**TRY IT**
Each line of the records must appear in your answer exactly, with no pictures.

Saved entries

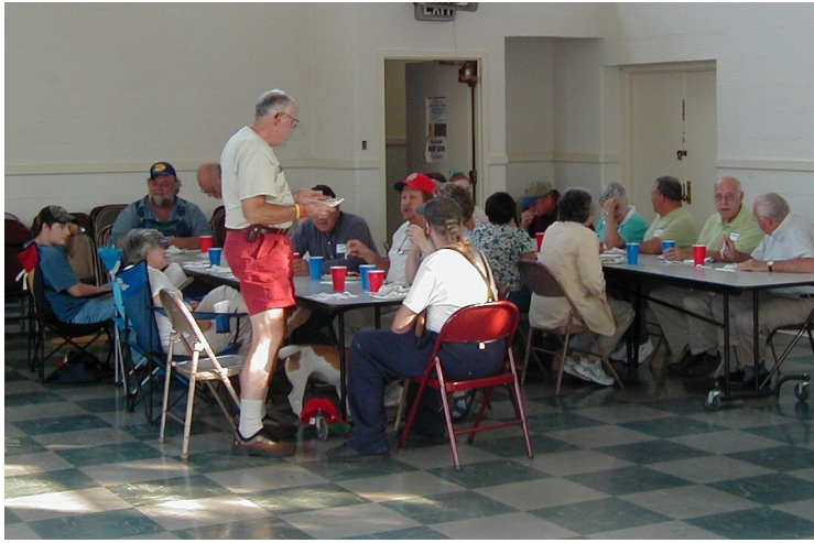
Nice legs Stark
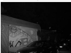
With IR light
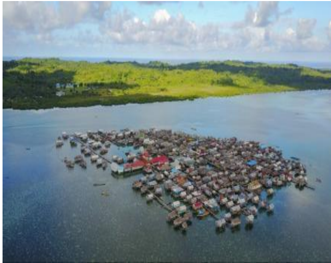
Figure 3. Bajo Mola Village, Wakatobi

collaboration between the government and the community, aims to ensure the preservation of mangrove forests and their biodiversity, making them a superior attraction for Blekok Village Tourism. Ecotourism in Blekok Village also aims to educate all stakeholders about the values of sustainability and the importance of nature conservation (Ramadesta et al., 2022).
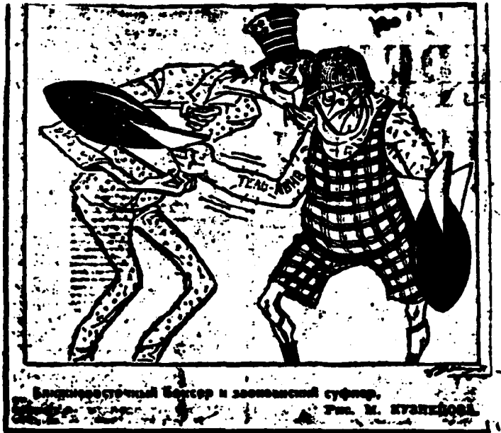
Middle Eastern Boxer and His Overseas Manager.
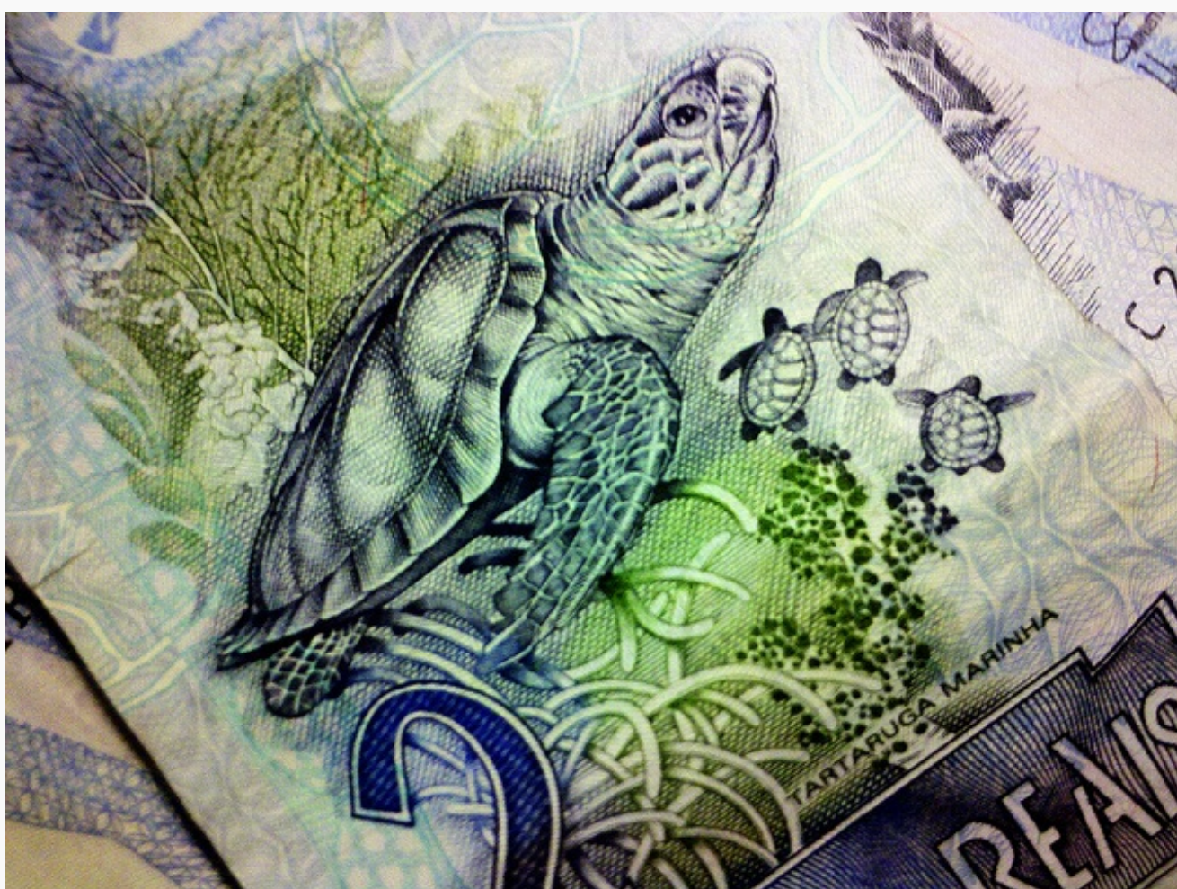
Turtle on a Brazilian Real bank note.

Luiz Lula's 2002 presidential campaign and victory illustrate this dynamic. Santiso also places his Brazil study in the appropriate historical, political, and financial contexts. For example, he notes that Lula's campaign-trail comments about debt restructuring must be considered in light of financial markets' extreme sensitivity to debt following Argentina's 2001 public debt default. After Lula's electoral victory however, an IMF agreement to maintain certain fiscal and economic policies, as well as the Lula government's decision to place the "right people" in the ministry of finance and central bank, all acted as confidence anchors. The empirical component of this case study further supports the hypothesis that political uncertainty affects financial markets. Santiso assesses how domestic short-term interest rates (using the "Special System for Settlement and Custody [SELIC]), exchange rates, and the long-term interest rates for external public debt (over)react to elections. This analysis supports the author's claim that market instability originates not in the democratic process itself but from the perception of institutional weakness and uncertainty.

**EXERCISE ANSWER**
Nice legs Stark
With IR light
Figure 3. Bajo Mola Village, Wakatobi

collaboration between the government and the community, aims to ensure the preservation of mangrove forests and their biodiversity, making them a superior attraction for Blekok Village Tourism. Ecotourism in Blekok Village also aims to educate all stakeholders about the values of sustainability and the importance of nature conservation (Ramadesta et al., 2022).
Middle Eastern Boxer and His Overseas Manager.
Turtle on a Brazilian Real bank note.

Luiz Lula's 2002 presidential campaign and victory illustrate this dynamic. Santiso also places his Brazil study in the appropriate historical, political, and financial contexts. For example, he notes that Lula's campaign-trail comments about debt restructuring must be considered in light of financial markets' extreme sensitivity to debt following Argentina's 2001 public debt default. After Lula's electoral victory however, an IMF agreement to maintain certain fiscal and economic policies, as well as the Lula government's decision to place the "right people" in the ministry of finance and central bank, all acted as confidence anchors. The empirical component of this case study further supports the hypothesis that political uncertainty affects financial markets. Santiso assesses how domestic short-term interest rates (using the "Special System for Settlement and Custody [SELIC]), exchange rates, and the long-term interest rates for external public debt (over)react to elections. This analysis supports the author's claim that market instability originates not in the democratic process itself but from the perception of institutional weakness and uncertainty.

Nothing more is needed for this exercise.